Fennell D A, Chacko A, Mutti L
Thoracic Oncology Research Group, Centre for Cancer Research and Cell Biology, Queen's University Belfast, Northern Ireland, UK.
Oncogene. 2008 Feb 21;27(9):1189-97. doi: 10.1038/sj.onc.1210744. Epub 2007 Sep 10.

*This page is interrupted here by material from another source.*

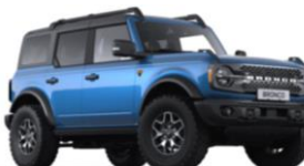
Velocity Blue prémiová metalická

Bortezomib (Velcade, PS341) was licensed in 2003 as a first-in-class 20S proteasome inhibitor indicated for treatment of multiple myeloma, and is currently being evaluated clinically in a range of solid tumours. The mechanisms underlying its cancer cell toxicity are complex. A growing body of evidence suggests proteasome inhibition-dependent regulation of the BCL-2 family is a critical requirement. In particular, the stabilization of BH3-only proteins BIK, NOXA and BIM, appear to be essential for effecting BAX- and BAK-dependent cell death. These mechanisms are reviewed and the implications for favourable novel drug interactions are highlighted.
硼替佐米(万珂,PS341)于2003年获批,是首个用于治疗多发性骨髓瘤的20S蛋白酶体抑制剂,目前正在多种实体瘤中进行临床评估。其癌细胞毒性的潜在机制很复杂。越来越多的证据表明,蛋白酶体抑制依赖性的BCL-2家族调节是一个关键要求。特别是,仅含BH3结构域的蛋白质BIK、NOXA和BIM的稳定似乎对于实现BAX和BAK依赖性细胞死亡至关重要。本文对这些机制进行了综述,并强调了其对新型药物良好相互作用的意义。